=== WHAT IS EXPECTED ===
With the pictures omitted, transcribe each line below exactly as it is.
---------- GIVEN RECORDS ----------
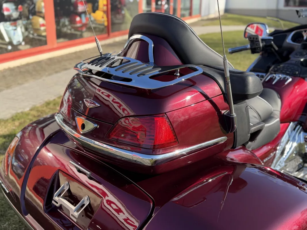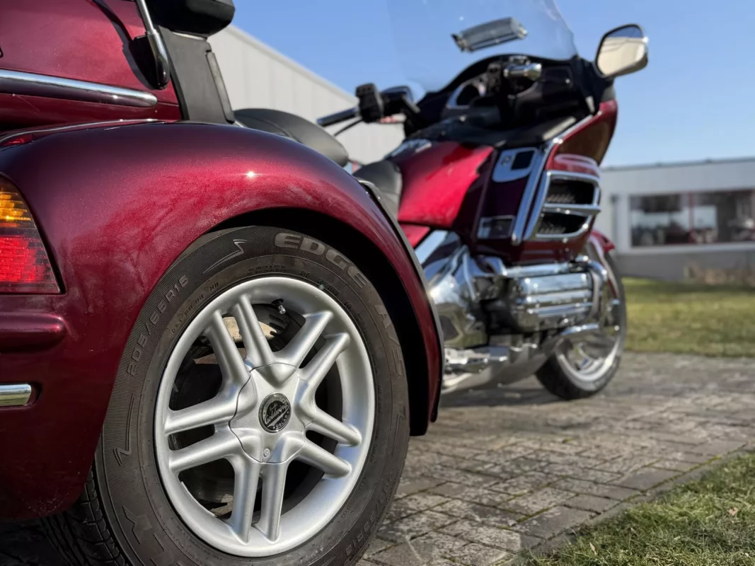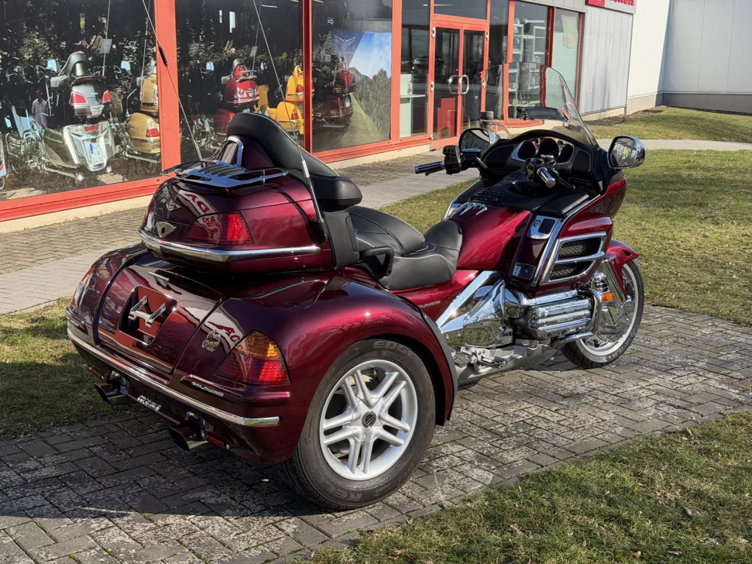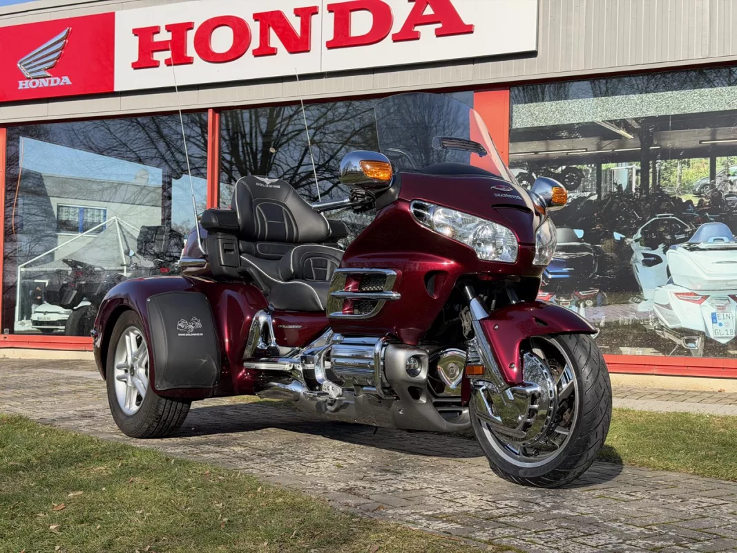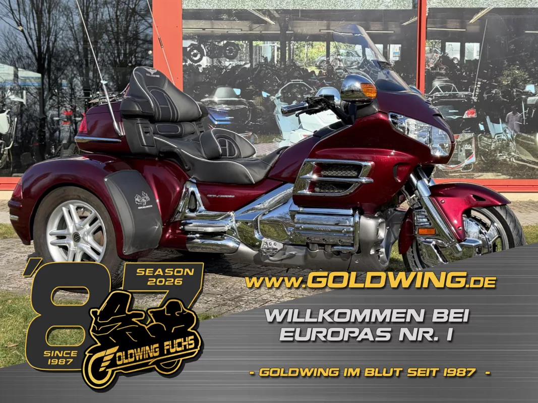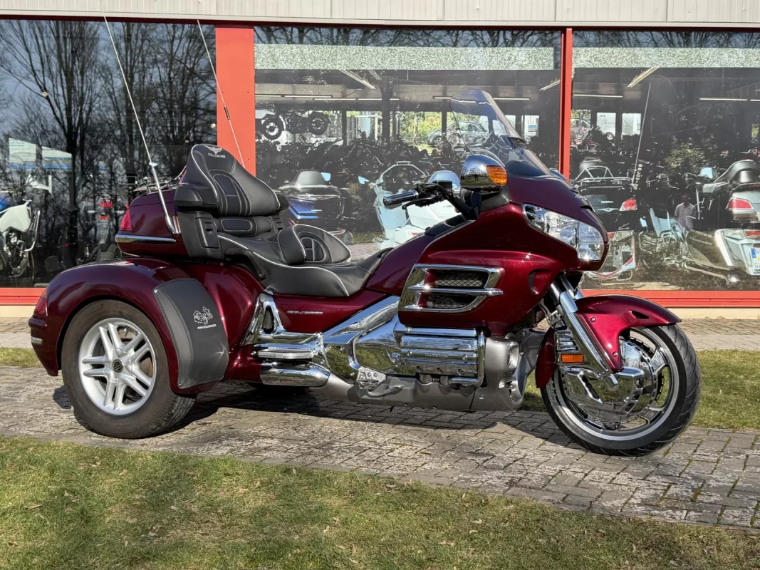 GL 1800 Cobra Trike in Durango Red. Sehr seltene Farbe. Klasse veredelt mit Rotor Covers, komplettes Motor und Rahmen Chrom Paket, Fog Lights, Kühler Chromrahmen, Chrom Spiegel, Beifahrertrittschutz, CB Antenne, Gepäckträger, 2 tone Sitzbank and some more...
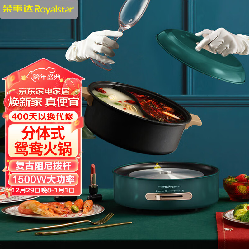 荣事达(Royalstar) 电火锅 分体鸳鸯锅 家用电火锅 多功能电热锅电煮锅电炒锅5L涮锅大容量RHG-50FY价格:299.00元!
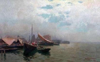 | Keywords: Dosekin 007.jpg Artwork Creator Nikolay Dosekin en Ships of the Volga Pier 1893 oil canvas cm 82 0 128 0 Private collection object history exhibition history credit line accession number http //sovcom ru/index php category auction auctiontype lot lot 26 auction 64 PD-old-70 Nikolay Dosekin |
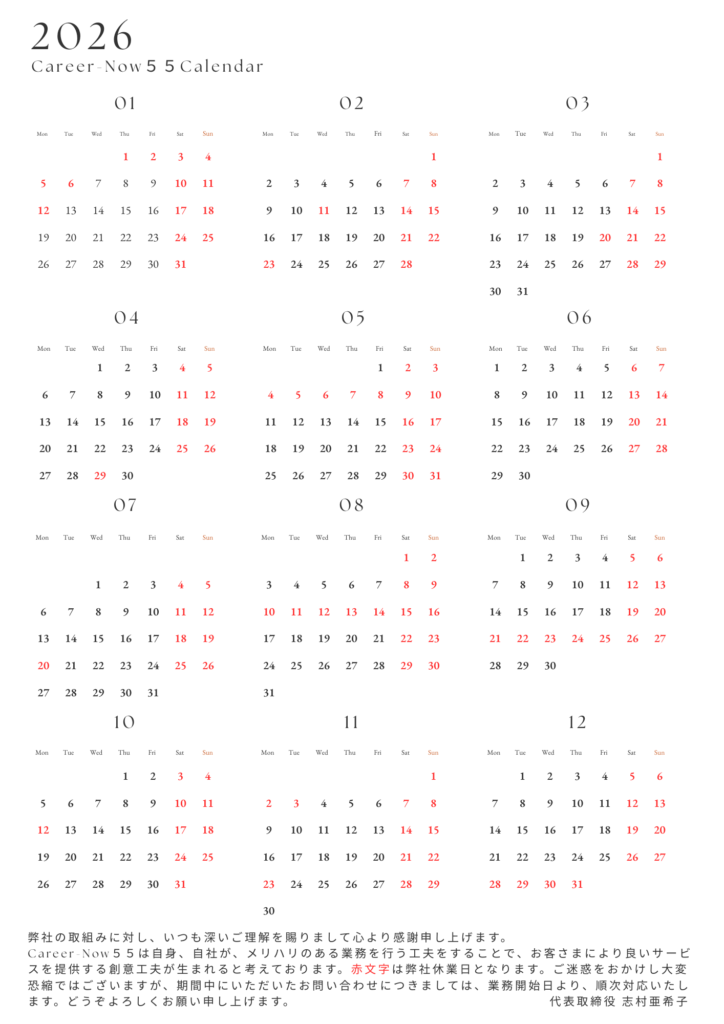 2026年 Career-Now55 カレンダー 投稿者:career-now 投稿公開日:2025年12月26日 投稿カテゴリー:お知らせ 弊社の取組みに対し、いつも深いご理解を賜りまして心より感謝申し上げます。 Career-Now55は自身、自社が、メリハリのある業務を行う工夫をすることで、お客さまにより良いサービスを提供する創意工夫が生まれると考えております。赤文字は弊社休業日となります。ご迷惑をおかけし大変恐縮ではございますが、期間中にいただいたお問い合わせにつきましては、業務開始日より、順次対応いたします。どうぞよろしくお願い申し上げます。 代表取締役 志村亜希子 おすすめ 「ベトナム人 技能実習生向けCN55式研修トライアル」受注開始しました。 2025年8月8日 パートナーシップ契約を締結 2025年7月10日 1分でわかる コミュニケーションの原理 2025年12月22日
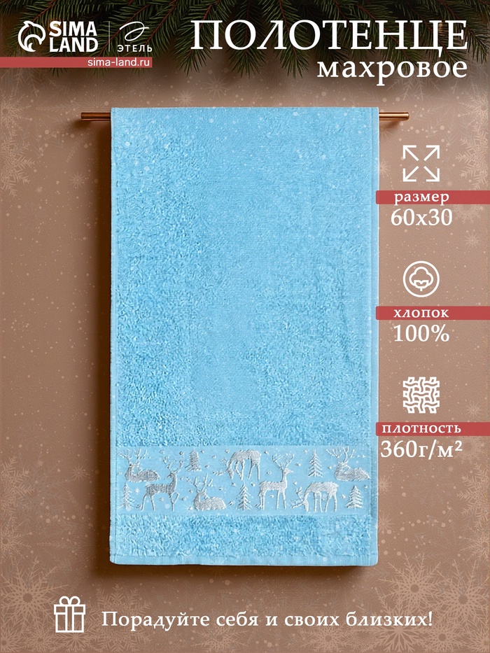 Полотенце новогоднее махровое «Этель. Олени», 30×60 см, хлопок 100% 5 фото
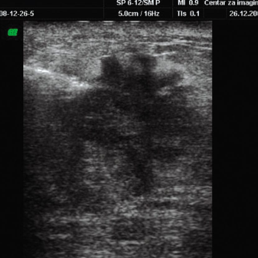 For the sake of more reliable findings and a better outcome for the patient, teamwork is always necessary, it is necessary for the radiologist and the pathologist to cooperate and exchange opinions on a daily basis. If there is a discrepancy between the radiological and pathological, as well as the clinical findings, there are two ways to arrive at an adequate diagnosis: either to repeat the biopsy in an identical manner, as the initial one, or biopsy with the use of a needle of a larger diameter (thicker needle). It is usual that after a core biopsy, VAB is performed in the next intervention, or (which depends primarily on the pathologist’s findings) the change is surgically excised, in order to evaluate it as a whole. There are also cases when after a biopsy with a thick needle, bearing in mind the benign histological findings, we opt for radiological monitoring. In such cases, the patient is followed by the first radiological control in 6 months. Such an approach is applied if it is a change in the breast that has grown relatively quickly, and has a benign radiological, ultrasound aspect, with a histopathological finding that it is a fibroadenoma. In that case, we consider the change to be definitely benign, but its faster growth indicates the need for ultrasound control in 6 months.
----------
=== SOLVED EXERCISE ===
 GL 1800 Cobra Trike in Durango Red. Sehr seltene Farbe. Klasse veredelt mit Rotor Covers, komplettes Motor und Rahmen Chrom Paket, Fog Lights, Kühler Chromrahmen, Chrom Spiegel, Beifahrertrittschutz, CB Antenne, Gepäckträger, 2 tone Sitzbank and some more...
 荣事达(Royalstar) 电火锅 分体鸳鸯锅 家用电火锅 多功能电热锅电煮锅电炒锅5L涮锅大容量RHG-50FY价格:299.00元!
 | Keywords: Dosekin 007.jpg Artwork Creator Nikolay Dosekin en Ships of the Volga Pier 1893 oil canvas cm 82 0 128 0 Private collection object history exhibition history credit line accession number http //sovcom ru/index php category auction auctiontype lot lot 26 auction 64 PD-old-70 Nikolay Dosekin |
 2026年 Career-Now55 カレンダー 投稿者:career-now 投稿公開日:2025年12月26日 投稿カテゴリー:お知らせ 弊社の取組みに対し、いつも深いご理解を賜りまして心より感謝申し上げます。 Career-Now55は自身、自社が、メリハリのある業務を行う工夫をすることで、お客さまにより良いサービスを提供する創意工夫が生まれると考えております。赤文字は弊社休業日となります。ご迷惑をおかけし大変恐縮ではございますが、期間中にいただいたお問い合わせにつきましては、業務開始日より、順次対応いたします。どうぞよろしくお願い申し上げます。 代表取締役 志村亜希子 おすすめ 「ベトナム人 技能実習生向けCN55式研修トライアル」受注開始しました。 2025年8月8日 パートナーシップ契約を締結 2025年7月10日 1分でわかる コミュニケーションの原理 2025年12月22日
 Полотенце новогоднее махровое «Этель. Олени», 30×60 см, хлопок 100% 5 фото
 For the sake of more reliable findings and a better outcome for the patient, teamwork is always necessary, it is necessary for the radiologist and the pathologist to cooperate and exchange opinions on a daily basis. If there is a discrepancy between the radiological and pathological, as well as the clinical findings, there are two ways to arrive at an adequate diagnosis: either to repeat the biopsy in an identical manner, as the initial one, or biopsy with the use of a needle of a larger diameter (thicker needle). It is usual that after a core biopsy, VAB is performed in the next intervention, or (which depends primarily on the pathologist’s findings) the change is surgically excised, in order to evaluate it as a whole. There are also cases when after a biopsy with a thick needle, bearing in mind the benign histological findings, we opt for radiological monitoring. In such cases, the patient is followed by the first radiological control in 6 months. Such an approach is applied if it is a change in the breast that has grown relatively quickly, and has a benign radiological, ultrasound aspect, with a histopathological finding that it is a fibroadenoma. In that case, we consider the change to be definitely benign, but its faster growth indicates the need for ultrasound control in 6 months.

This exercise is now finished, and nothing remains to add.